### [Data provided]
<<<<

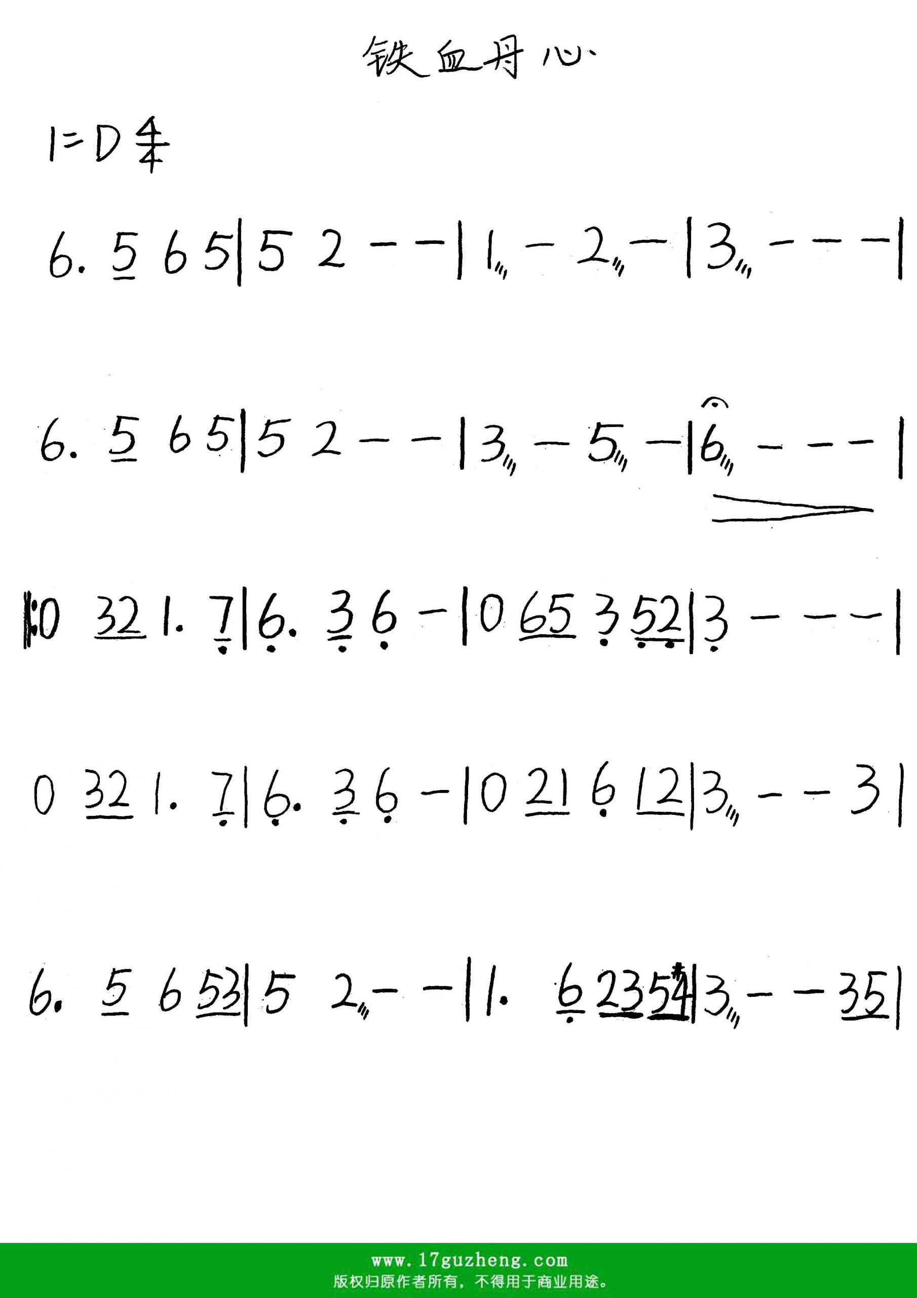 《铁血丹心》古筝曲谱 《铁血丹心》g调和d调的谱子(简版)
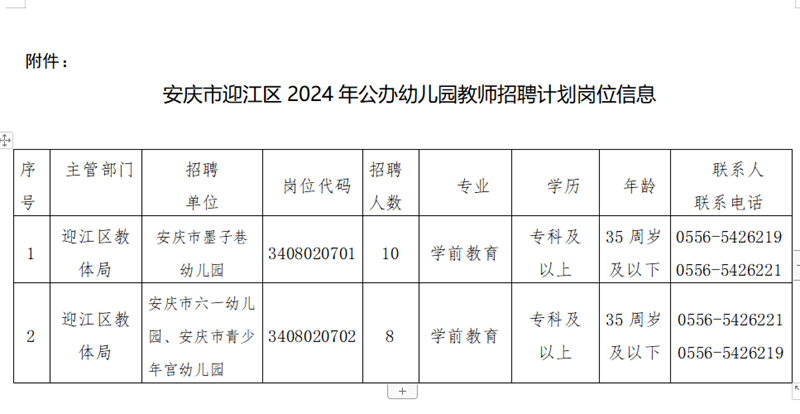 2024年迎江區(qū)計劃公開招聘公辦幼兒園教師18名,均為全額撥款事業(yè)編制。(崗位計劃信息見附件)
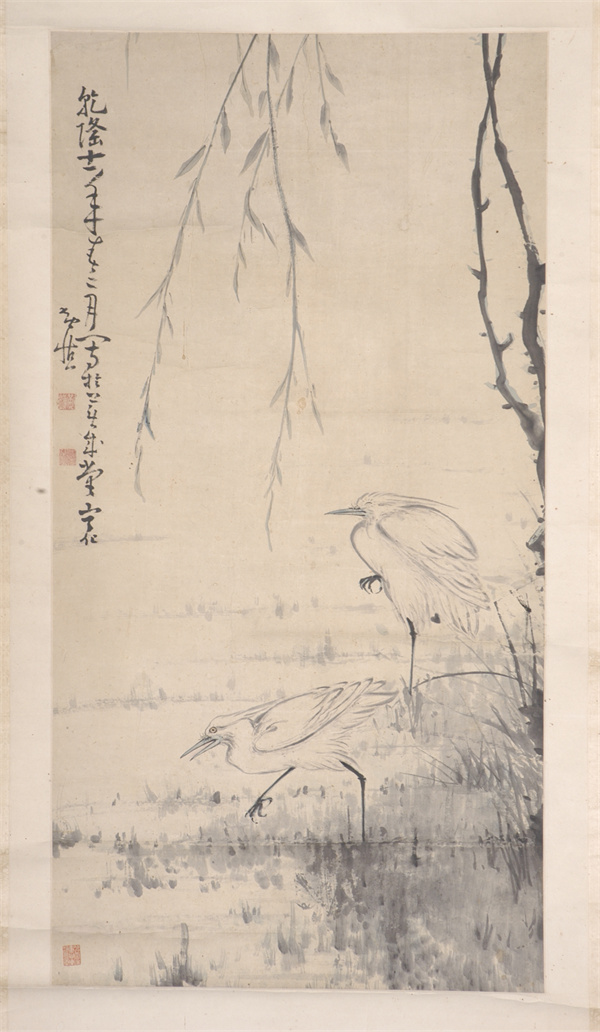 清代,水墨設(shè)色花鳥畫立軸,紙本,作者黃慎??v高1126厘米,橫寬57.4厘米。款署“乾隆十一年春二月寫于蕪成堂寧化黃慎”。鈐“黃慎”白文方印,“癭瓢”白文方印。柳枝自畫面上方垂下,疏落的柳葉隨風(fēng)搖曳。池塘兩只白鷺,一只閉目獨立,一只行走覓食。黃慎,福建寧化人,書畫家,為“揚州八怪”之一。

>>>>

### [Your goal]
Give back the listing word for word, minus its images.

### [Solution for this task]
 《铁血丹心》古筝曲谱 《铁血丹心》g调和d调的谱子(简版)
 2024年迎江區(qū)計劃公開招聘公辦幼兒園教師18名,均為全額撥款事業(yè)編制。(崗位計劃信息見附件)
 清代,水墨設(shè)色花鳥畫立軸,紙本,作者黃慎??v高1126厘米,橫寬57.4厘米。款署“乾隆十一年春二月寫于蕪成堂寧化黃慎”。鈐“黃慎”白文方印,“癭瓢”白文方印。柳枝自畫面上方垂下,疏落的柳葉隨風(fēng)搖曳。池塘兩只白鷺,一只閉目獨立,一只行走覓食。黃慎,福建寧化人,書畫家,為“揚州八怪”之一。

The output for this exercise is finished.